В 19-летнем возрасте Винни получила право на стипендию в одном из вузов Канзаса, США, и в 1988 году переехала в Мэриленд, чтобы пройти там преддипломную практику. Для этого ей потребовалось сделать полное медицинское обследование, включая тест на ВИЧ-инфекцию.

«Когда мне сказали, что мой анализ – положительный, я подумала: “Раз он положительный, значит, всё хорошо. Позитивно – это хорошо, негативно - плохо”», - говорит она. – «Но врач сказал мне, что ВИЧ-позитивный статус означает, что у меня – ВИЧ, лекарства от которого нет, поэтому никто не может сказать точно, сколько мне осталось. Рассказывал он об этом очень будничным голосом. Я же словно онемела».

По словам женщины, с того момента ее жизнь полностью изменилась. Она решила никому не рассказывать о своей болезни.

На фото Ssanyu Sserume в середине 90-х годов

«В то время все новости, касающиеся ВИЧ, были очень мрачными», - говорит женщина. – «В Уганде о ВИЧ знали хорошо. Он “косил” целые деревни. Я не знала женщин, живущих с ВИЧ в США, да еще и стигма…эти факторы твердили мне: “Просто держи рот на замке”». Кроме того, ей потребовалось время, чтобы понять это состояние.

«Мне казалось, что в любой момент я свалюсь замертво, поэтому жила так, словно в любую минуту могу умереть. Если я сидела где-нибудь с друзьями, мне в голову приходили мысли: “Возможно, я вижу этих людей в последний раз”. Я ходила как в тумане, натыкаясь на других людей, и думала о том, что вот-вот может наступить смерть, и как это будет», - говорит она.

Однако в мэрилендской клинике к ней отнеслись с пониманием. «Я объяснила, что хочу приходить туда только тогда, когда там не будет моих соотечественников», - вспоминает женщина. В то время в Уганде считалось, что если человек заражён ВИЧ, то, значит, «на него наложили проклятье». А в отношении самого заболевания применялось другое, более наглядное слово: «Кощей» (Slim).

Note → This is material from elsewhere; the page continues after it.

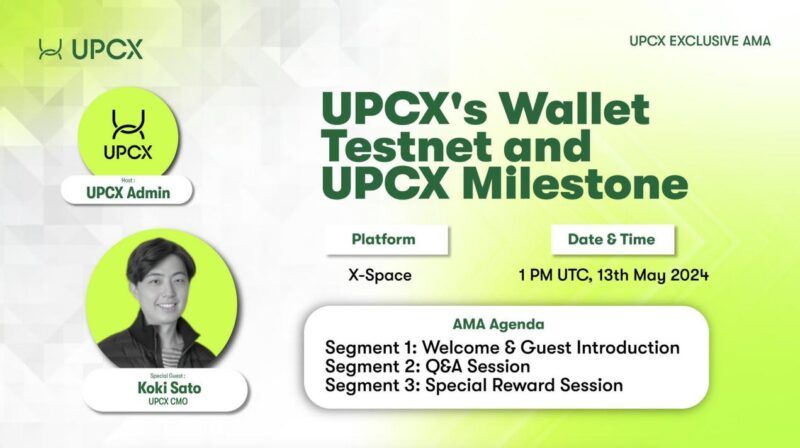 In today’s rapidly developing landscape of blockchain technology and digital currency payments, UPCX is at the forefront of optimizing payment systems and financial services. To maintain close ties with the community and transparently share upcoming product features and corporate milestones, UPCX will host an exclusive “Ask Me Anything” (AMA) live session on Twitter Spaces. This event, featuring UPCX’s Chief Marketing Officer Mr. Sato, will unveil the latest updates on the UPCX wallet testnet and other key developments to the global community.
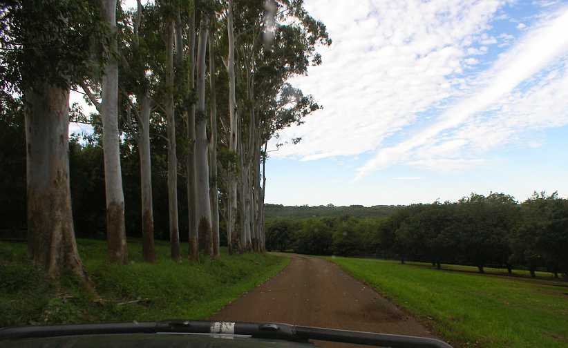 …where the farm’s driveway is heavily covered in a different soil to the one in which the crop grows. That grey soil turns to black when it’s wet and is the perfect trap for the unwary, cars and trucks bog to the axles very quickly.

«Человек с ВИЧ начинал терять вес. Так окружающие узнавали о том, что у тебя есть эта болезнь, и тебя куда-нибудь увозили – прятали либо по твоей собственной просьбе, либо по желанию семьи, – и ты умирал унизительной смертью», - рассказывает Винни. К 1990 году примерно каждый шестой взрослый в Уганде имел ВИЧ-инфекцию.

Женщина боялась, что если ее увидит кто-то из соотечественников, новость о ее ВИЧ-статусе дойдет до членов ее семьи – и попросту их уничтожит.

В 1990 году Ссаню-Ссерума узнала, что один из ее братьев также живет с ВИЧ. В том же году ее мать умерла от рака. Брат скончался от ВИЧ-ассоциированного туберкулеза в 1992-м. Еще через год от рака умер ее отец.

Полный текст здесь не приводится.